§ Supplied information:
= Beginning of Section =

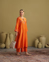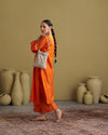 This vibrant set is a celebration of colour and craftsmanship, handcrafted in luxurious handwoven Silk Chanderi in a rich, captivating orange hue.
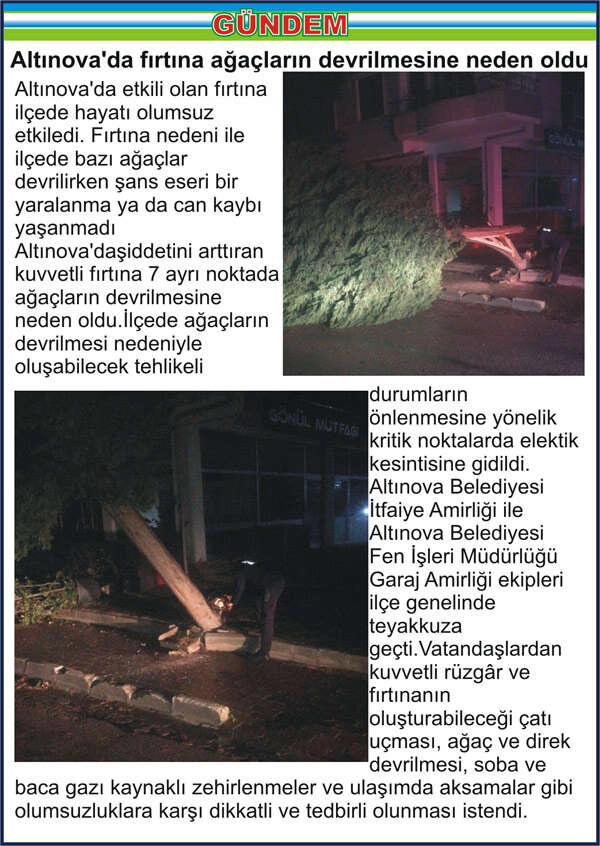 Altınova’da etkili olan fırtına ilçede hayatı olumsuz etkiledi. Fırtına nedeni ile ilçede bazı ağaçlar devrilirken şans eseri bir yaralanma ya da can kaybı yaşanmadı Altınova’daşiddetini arttıran kuvvetli fırtına 7 ayrı noktada ağaçların devrilmesine neden oldu.İlçede ağaçların devrilmesi nedeniyle oluşabilecek tehlikeli durumların önlenmesine yönelik kritik noktalarda elektik kesintisine gidildi. Altınova Belediyesi İtfaiye Amirliği ile Altınova Belediyesi Fen İşleri Müdürlüğü Garaj Amirliği ekipleri ilçe genelinde teyakkuza geçti.Vatandaşlardan kuvvetli rüzgâr ve fırtınanın oluşturabileceği çatı uçması, ağaç ve direk devrilmesi, soba ve baca gazı kaynaklı zehirlenmeler ve ulaşımda aksamalar gibi olumsuzluklara karşı dikkatli ve tedbirli olunması istendi.
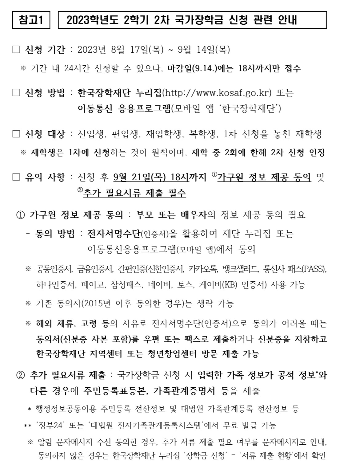 이번 2차 신청 기간에는 신입생, 편입생, 재입학생, 복학생 및 1차 신청을 놓친 재학생이 국가장학금을 신청할 수 있고 2023년 2차 신청 마감 후에는 더 이상 2학기 국가장학금 신청이 불가하니 반드시 기간 내에 신청해야 합니다.

= End of Section =

§ What to do:
The output is the data above, repeated exactly, with pictures omitted.

§ Result of the exercise:
 This vibrant set is a celebration of colour and craftsmanship, handcrafted in luxurious handwoven Silk Chanderi in a rich, captivating orange hue.
 Altınova’da etkili olan fırtına ilçede hayatı olumsuz etkiledi. Fırtına nedeni ile ilçede bazı ağaçlar devrilirken şans eseri bir yaralanma ya da can kaybı yaşanmadı Altınova’daşiddetini arttıran kuvvetli fırtına 7 ayrı noktada ağaçların devrilmesine neden oldu.İlçede ağaçların devrilmesi nedeniyle oluşabilecek tehlikeli durumların önlenmesine yönelik kritik noktalarda elektik kesintisine gidildi. Altınova Belediyesi İtfaiye Amirliği ile Altınova Belediyesi Fen İşleri Müdürlüğü Garaj Amirliği ekipleri ilçe genelinde teyakkuza geçti.Vatandaşlardan kuvvetli rüzgâr ve fırtınanın oluşturabileceği çatı uçması, ağaç ve direk devrilmesi, soba ve baca gazı kaynaklı zehirlenmeler ve ulaşımda aksamalar gibi olumsuzluklara karşı dikkatli ve tedbirli olunması istendi.
 이번 2차 신청 기간에는 신입생, 편입생, 재입학생, 복학생 및 1차 신청을 놓친 재학생이 국가장학금을 신청할 수 있고 2023년 2차 신청 마감 후에는 더 이상 2학기 국가장학금 신청이 불가하니 반드시 기간 내에 신청해야 합니다.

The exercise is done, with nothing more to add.